Editor's note: NFL.com analysts Lance Zierlein and Chad Reuter will provide overviews for each position group in the 2017 NFL Draft (April 27-29 in Philadelphia) over the next two weeks, continuing today with wide receivers.
This year's receiver group would be described best as average. That doesn't mean that there won't be playmakers coming out of this draft, but in terms of comparable talent with previous years' classes, teams will find the usual number of suspects awaiting their call.
I expect three wide receivers to go in Round 1, just under the average of four per year since 2007, and another eight or nine will be sprinkled throughout the top 100 (nine is the average for the top 100 over the past decade).
On Day 2 of the draft (Rounds 4-7), 18-20 pass-catchers (right around the average) that have at least one or two good traits (speed, size, hands, football IQ, return ability) but might be lacking in other areas will be selected with the hopes that they can carve out a role at the next level.
Let's explore the 2017 WR class.
Note: Click through the tabs above to see overviews for each position.
Teams with greatest need at WR
Top 5 players at the position
Note: Click on a prospect's name for a complete scouting report.
1. Corey Davis, Western Michigan: Despite being unable to work out during the draft process with an ankle injury, Davis still grades as the top player at his position. Long and lean, he uses a strong stiff arm to separate from defenders. He'll be a weapon on short, intermediate, and deep routes at the next level, making him a quarterback's best friend.
2. Mike Williams, Clemson: Williams will be a great add for NFL teams looking for an alpha dog on offense. The physicality and want-to he shows on every route makes him an easy receiver to trust, whether a quarterback is trying to get a first down or throwing a strike into the end zone. At his pro day, he showed enough speed to be effective downfield -- a necessary step to maintain his status as a potential top-10 pick.
3. John Ross, Washington: Ross' record-breaking 4.22-second 40-yard dash at the NFL Scouting Combine put him in another stratosphere in the category of speed, though his quickness was already evident on tape. But measuring under 5-11, 190 pounds, can he be an effective No. 1 receiver? Ross did win off the line with speed and hand usage, so I think he'll be more than OK, actually.
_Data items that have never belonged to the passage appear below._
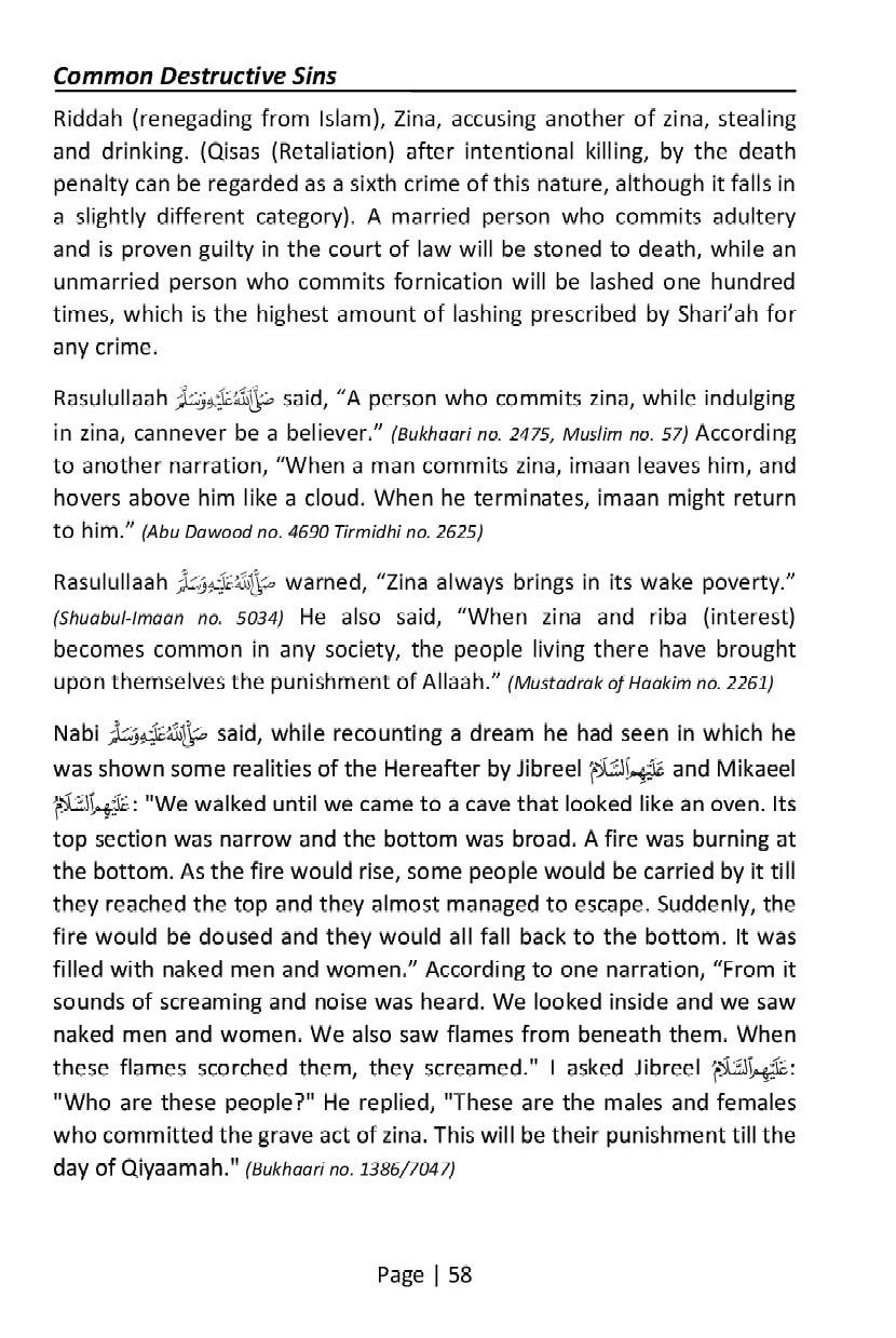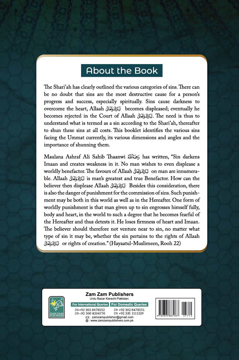 The Shari’ah has clearly outlied the various categories of sis. There be o doubt that sis are the most destructive cause for a perce progress ad success, especially spiritually. Sis cause darkess overcome the heart, Allaah 3 becomes displeased, evetually be becomes rejected i the Court of Allah The eed is thus to uderstad what is termed as a si accordig to the Shariah, thereafter to sha these sis at all costs. This booklet idetifies the various sis facig the Ummat curretly, its various dimesios ad agles ad the importace of shuig them.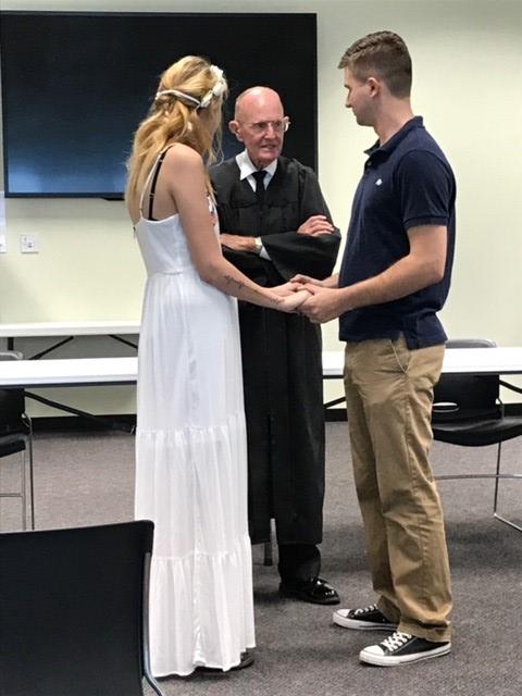 Creek nervously officiated his first wedding.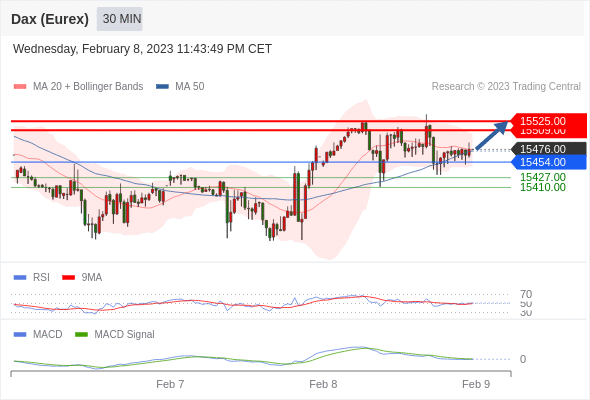 德国DAX指数期货 (Eurex)? 当日内: 调整至 15454.00 处,在反弹上升之前。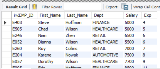 Select EMP_ID, First_Name, Last_Name, Dept, Salary, Exp From emp_record_Table
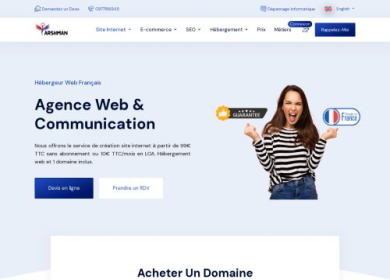 Création site internet avec nom de domaine gratuit et hébergement web gratuit.Promo création de site vitrine 25€/mois tous inclus, wordpress,Prestasho...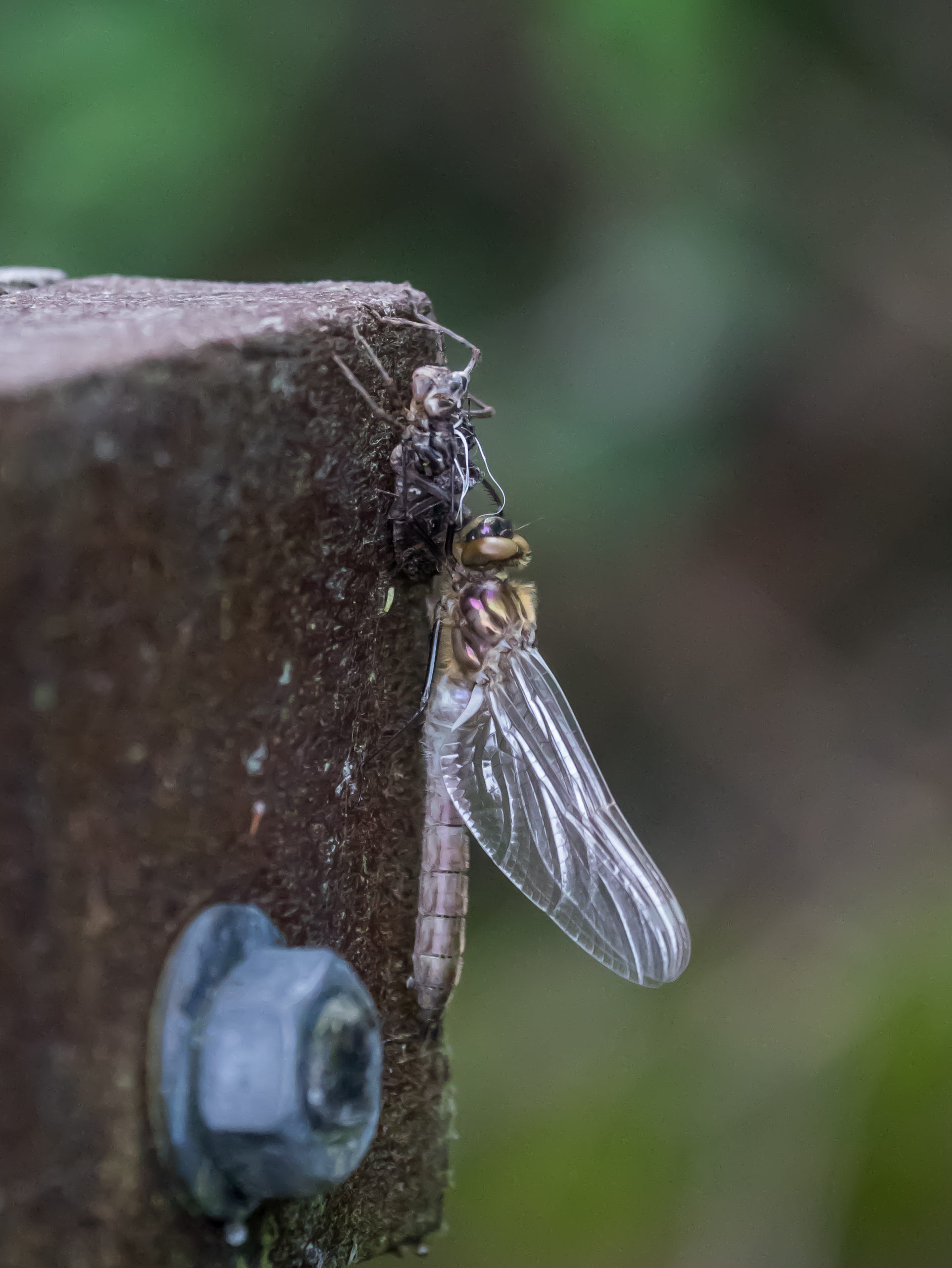 Dragonflies do not have a pupal phase, transitioning instead straight from larva to adult. In preparation for emergence, the larvae wait in shallow water for a few days. This allows them to begin to breathe air, before they find an elevated position from which to commence the final stage.

Expect him to be selected before the midway point of the first round.
4. Christian McCaffrey, Stanford: Yes, McCaffrey was a running back at Stanford and might play that position primarily in the NFL -- he's No. 2 on my list of the draft's top RBs. But if a team wanted him to play receiver exclusively, that would be a reasonable move. His elite quickness and attention to detail in route running is not surprising given his bloodlines; his father, "Easy" Ed McCaffrey, was a reliable, intelligent NFL receiver in his day. Line Christian McCaffrey up in the slot, outside, wherever -- he'll lose his man with regularity and take off downfield for big plays.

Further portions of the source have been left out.